> [SUPPLIED RECORDS]:
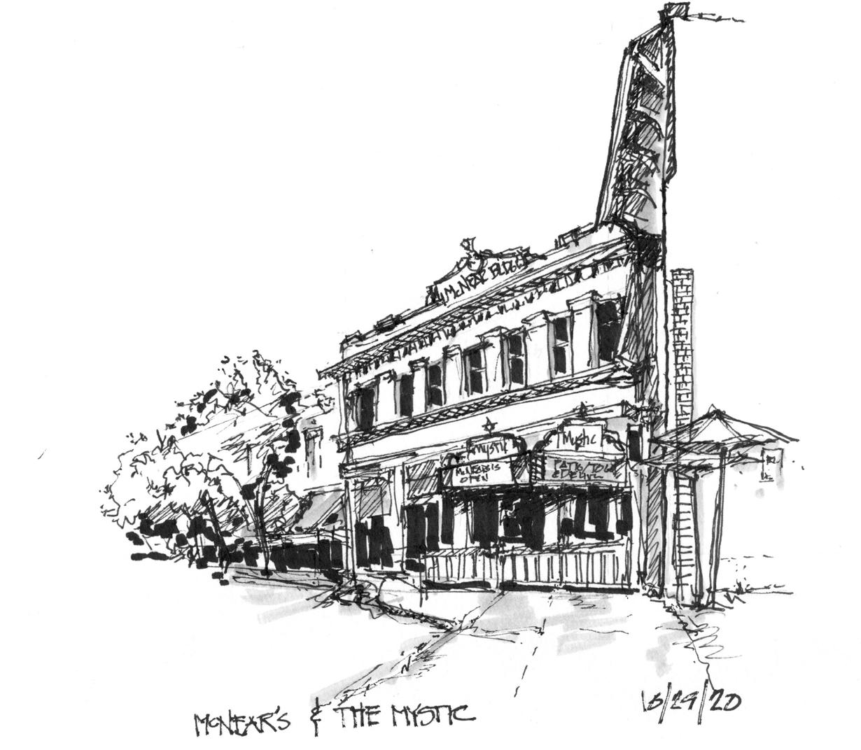 The Petaluma River, which flows through the California counties of Sonoma and Marin, is 15 miles from Alan’s home. As the global pandemic unfolded, he found the river – a tidal slough for most of its length – a safe, pleasant location to sketch. As a former architect, he was naturally attracted by the large feed mill buildings, housing, and commercial and industrial buildings along its shores.
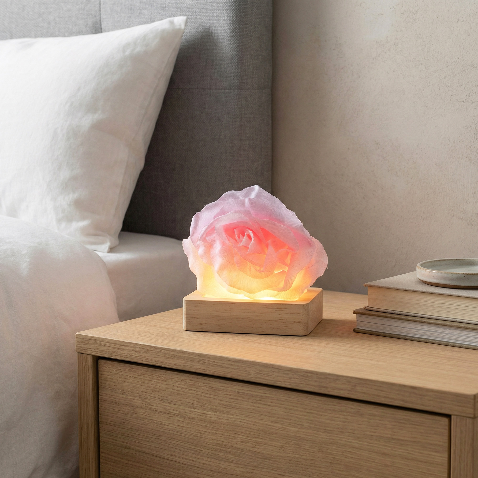 Each stand features a low-profile wooden base with integrated LED lighting and an inline on/off switch. No fixing or assembly is required – simply place the item on top and plug in. The light naturally travels through translucent, semi-translucent, or textured materials, creating dramatic effects with minimal effort.
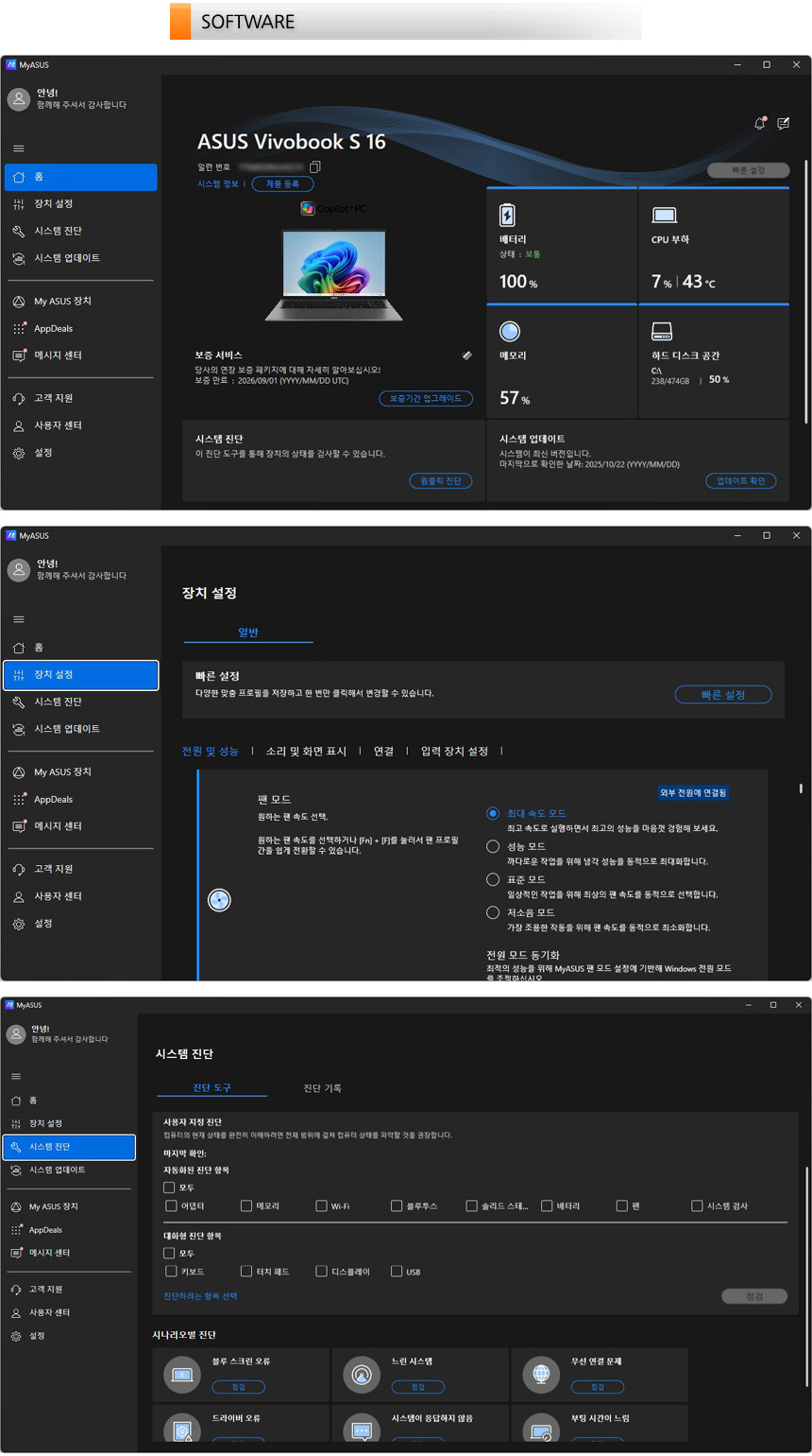 MyASUS 앱을 실행한 모습으로 (핫키를 지원해 빠르게 실행할 수 있다.) 업데이트를 지원해 최상의 컨디션을 유지할 수 있으며 원클릭 진단 기능을 지원해 시스템의 문제를 빠르게 파악할 수 있다. @ 팬모드나 디스플레이, 배터리등 세부 설정은 동영상을 통해 확인하기 바란다.
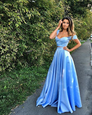 Two Piece Satin Off Shoulder Long Evening Dress Wedding Party Dress
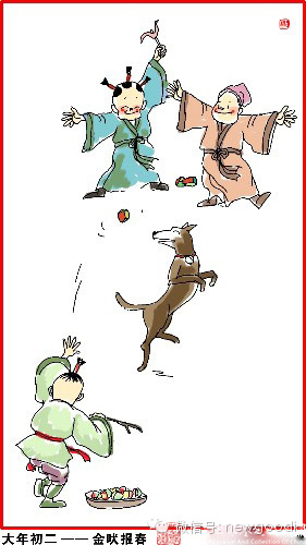 大年初三,金吠报春。亲眷人家去拜年,东家留吃饭、西家排酒筵。
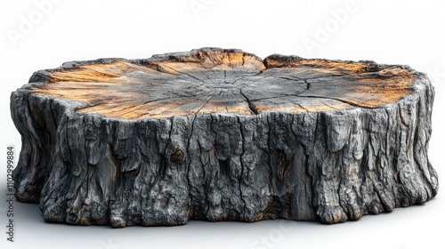 Detailed close-up of an ancient gray tree stump showcasing its textured bark and intricate growth rings on a plain white background
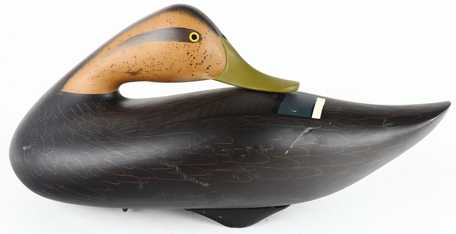 Preening Black Duck by Patrick ''Pat'' Vincent, Churchville, MD, painted eyes, solid wood, original paint, structurally excellent, signed on bottom, 14'' OAL. Grade: Excellent ++ - Value: 40 to 80
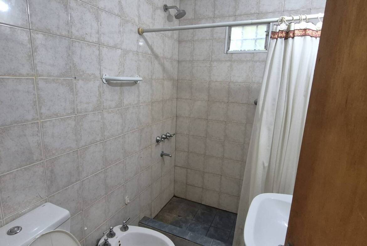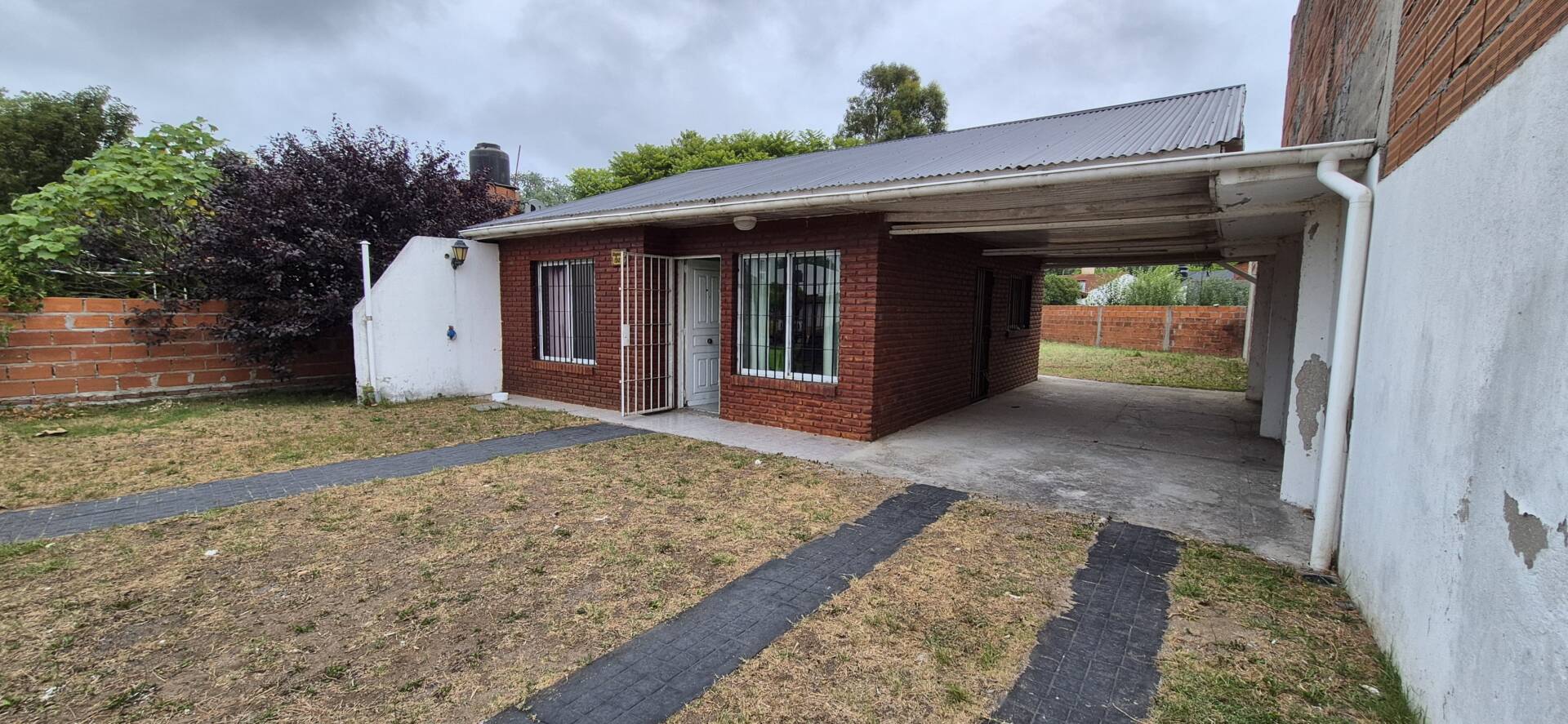 Garaje semi cubierto pasante, parque al fondo con galería semi cubierta donde se encuentra una parrilla y lavadero.
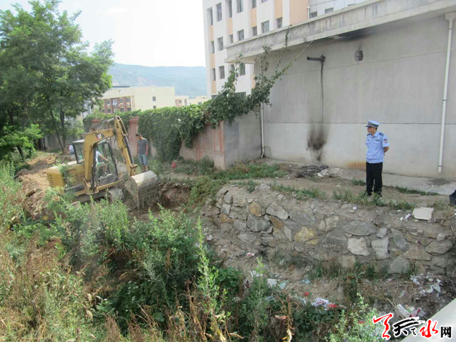 据了解,每年该河沟都是这附近排洪的主要渠道,曾在2013年出现过堵塞,引发了洪水。目前,天水地区即将进入雨季,河道内杂草丛生,建筑垃圾和生活垃圾将河道严重堵塞。区七里墩办事处、区行政执法局机动二中队和区防汛办的相关人员,动用大型工程机械对河道进行清理,确保雨季该片区排水系统的畅通。同时,也希望附近的居民爱护清理成果,加强监督,对河道内乱倒垃圾行为及时制止并举报。
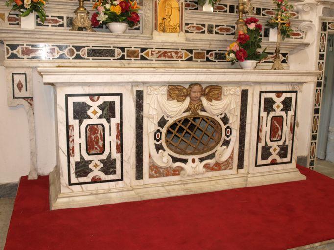 L'autel tombeau, de plan rectangulaire et d'élévation droite, est surmonté de trois gradins. L'élévation antérieure est percée en son centre d'une niche fermée par une grille en fer forgé. Le tabernacle à pans coupés repose sur le premier gradin. Sa face antérieure est flanquée de deux colonnes ioniques supportant un entablement surmonté d'une corniche moulurée. Il est couvert d'un dôme polygonal. L'autel et le tabernacle sont en marbre blanc, incrusté de marbres de différentes couleurs (rouge du Languedoc, brocatelle, vert de mer, portor noir, jaune de Sienne). Retable architecturé à niche cantonné de deux colonnes torses à chapiteaux composites. Ailes du retable comportant chacune une armoire à reliques, fermée par un panneau de bois peint, aux contours chantournés, flanquées de deux pilastres. Entablement mouluré à ressauts avec boules en amortissement et fronton interrompu à volutes. Le retable est constitué d'un noyau de maçonnerie, recouvert de stuc mouluré et peint.
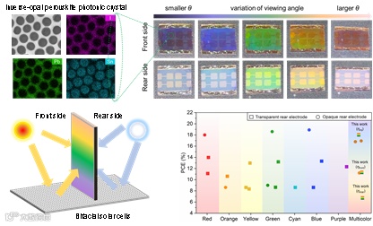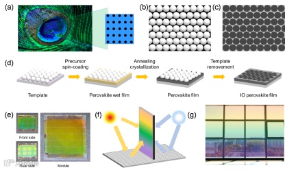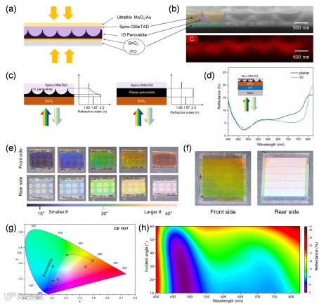 纳米结构引起的可视化色彩广泛存在于大自然当中,比如孔雀羽毛中存在的周期性纳米结构的光子晶体可以对光产生强烈的干涉效果,使其在光照下展现出鲜艳的结构色彩。人工制备的蛋白石和反蛋白结构同样具有周期性的纳米结构,能够对光进行可控调制,实现虹彩效果。黄建媚团队成功制备出具有反蛋白石结构的钙钛矿(IO钙钛矿)薄膜,并结合ITO正面透明电极和超薄Au背面透明电极,设计出了能够从正反两面同时吸收光照的双面太阳能电池,从而实现高效率,同时该电池可以在正反两面展现虹彩效果,大大拓展了太阳能电池在BIPV、汽车天窗等多功能发电系统中的适用性。
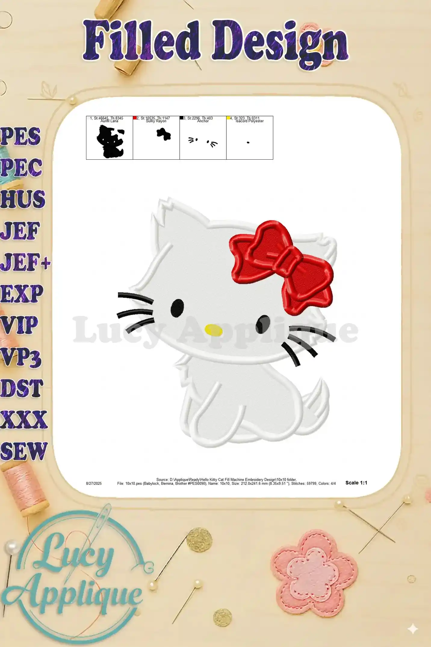 Hello Kitty Cat Fill Machine Embroidery Design – Instant Download
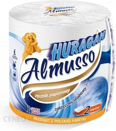 Ręcznik papierowy Huragan Almusso Dwuwarstwowy Wykonany z dwóch warstw bibułki celulozowej – 100% celuloza. Ręcznik kuchenny, który może znaleźć szerokie zastosowanie w domu, w ogrodzie, w samochodzie i w warsztacie. Testowany dermatologicznie i alergologicznie. Dopuszczony do kontaktu z żywnością. Obojętne PH. Surowiec: 100% celuloza Ilość warstw: 2 Gramatura: 2×17,5 g/m2 Ilość listków: 300 szt. Długość listka: 20 cm Średnica/wysokość rolki: 190/222 mm Ilość rolek: 1 szt.
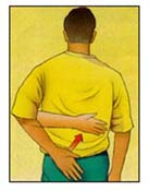 Rotación Interna del Hombro (Activa):Lleve su mano detrás de la espalda y hacia el lado opuesto. Repetir 10 veces. Realizarlo 3 veces al día.
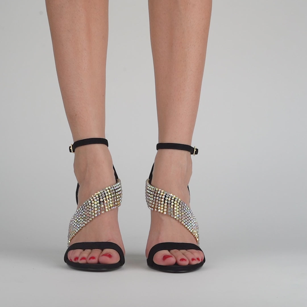 Mila makes a statement all right. This hourglass heeled sandal is crafted from black suede leather, with gold-toned fringe detailing... See More
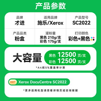 才进适用富士施乐SC2022粉盒黑彩色2022硒鼓SC2022CPS墨盒Xerox DocuCentre SC2022DA复印机墨粉SC2022NW碳粉
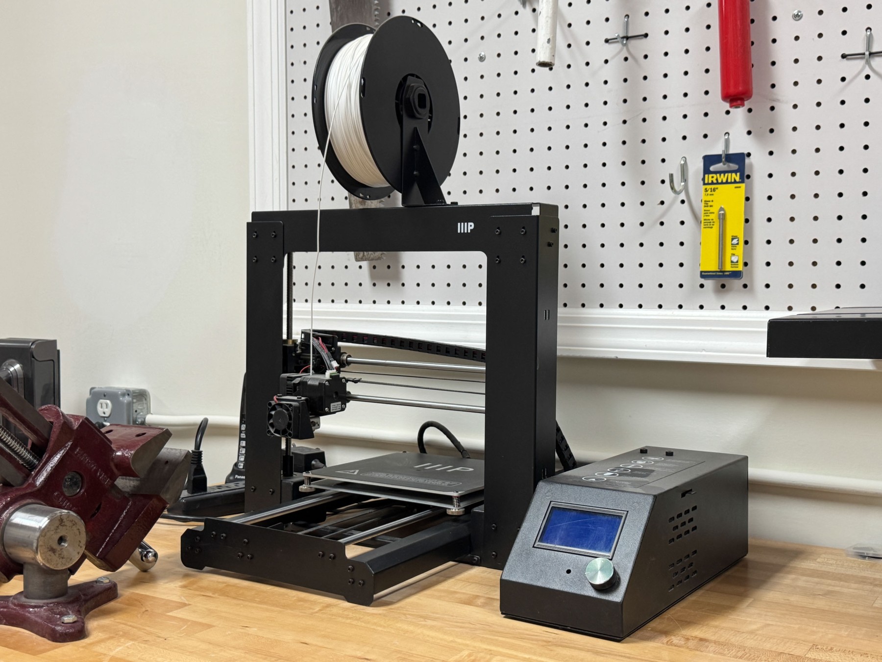 A wonderful Monoprice Maker Select 3D printer V2 model 13860 with a spool of white filament.
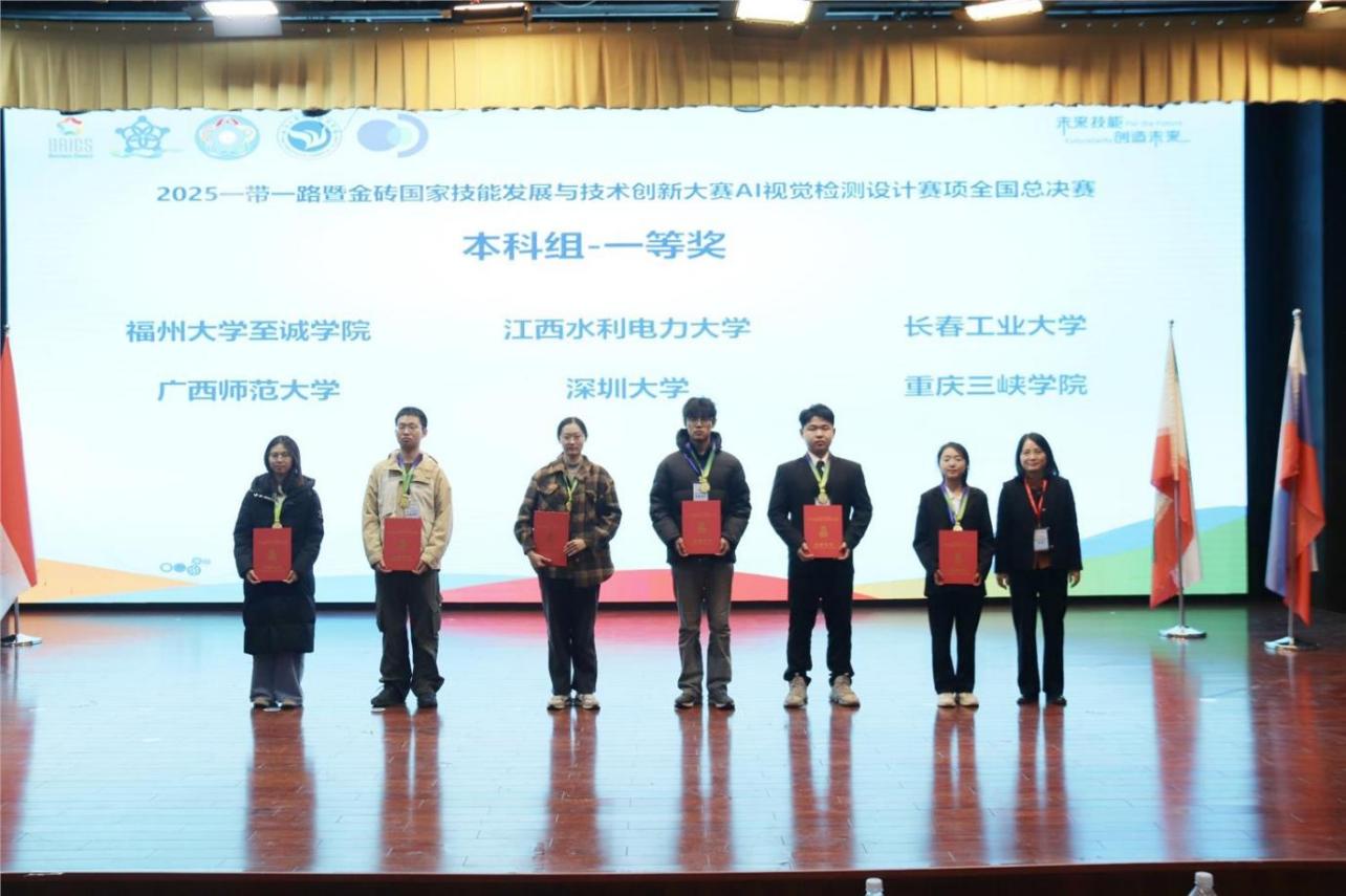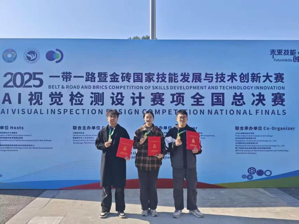 近日,2025年第九届“一带一路”暨金砖国家技能发展与技术创新大赛AI视觉检测设计赛项全国总决赛在浙江省义乌工商职业技术学院结束。我校职业技术师范学院参赛团队(孙璐、任旭莲、蒋明会)在机械工程系王日俊老师的悉心指导下,凭借扎实的专业知识和卓越的实践能力,从全国214所院校的1749名选手中脱颖而出,斩获本科组全国一等奖。
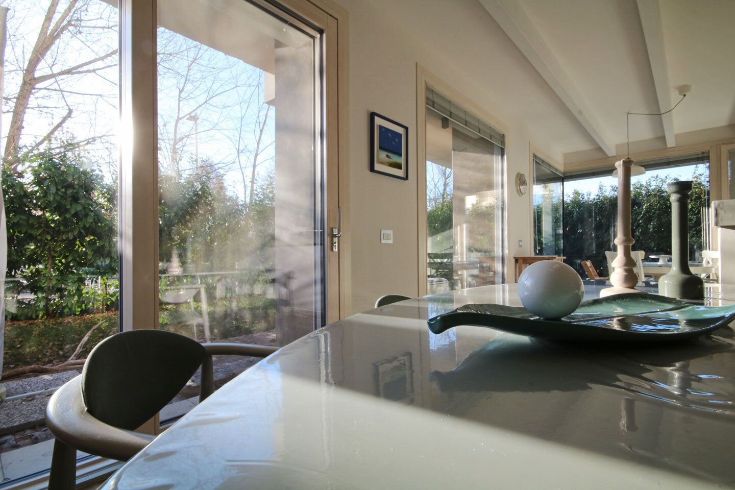 Planta baja: la entrada conduce a una amplia y luminosa zona de estar, elegantemente dividida en zona de relax, comedor y amplia cocina. Un funcional pasillo conduce al estudio, ideal también como dormitorio doble, al cuarto de baño y al lavadero. Toda la planta dialoga armoniosamente con el exterior gracias a los grandes ventanales correderos que se abren al espléndido jardín privado, creando una continuidad natural entre interior y exterior. Una cómoda escalera interior conduce a la planta superior, dedicada a la zona de noche. (La planta está apilada como habitación accesoria y tiene una altura de ml. 2,60)
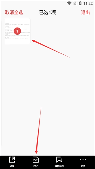 你可以先勾选想要生成PDF的文件,再点击下方的【PDF】按钮;另外,我们还支持一键分享文档、给文档添加标签等功能。

> [THE PROBLEM]:
Please set down only the lines from the one containing "A wonderful Monoprice" through the end of the entries, exactly as they stand, both ends included and with no pictures.

> [EXERCISE RESPONSE]:
 A wonderful Monoprice Maker Select 3D printer V2 model 13860 with a spool of white filament.
 近日,2025年第九届“一带一路”暨金砖国家技能发展与技术创新大赛AI视觉检测设计赛项全国总决赛在浙江省义乌工商职业技术学院结束。我校职业技术师范学院参赛团队(孙璐、任旭莲、蒋明会)在机械工程系王日俊老师的悉心指导下,凭借扎实的专业知识和卓越的实践能力,从全国214所院校的1749名选手中脱颖而出,斩获本科组全国一等奖。
 Planta baja: la entrada conduce a una amplia y luminosa zona de estar, elegantemente dividida en zona de relax, comedor y amplia cocina. Un funcional pasillo conduce al estudio, ideal también como dormitorio doble, al cuarto de baño y al lavadero. Toda la planta dialoga armoniosamente con el exterior gracias a los grandes ventanales correderos que se abren al espléndido jardín privado, creando una continuidad natural entre interior y exterior. Una cómoda escalera interior conduce a la planta superior, dedicada a la zona de noche. (La planta está apilada como habitación accesoria y tiene una altura de ml. 2,60)
 你可以先勾选想要生成PDF的文件,再点击下方的【PDF】按钮;另外,我们还支持一键分享文档、给文档添加标签等功能。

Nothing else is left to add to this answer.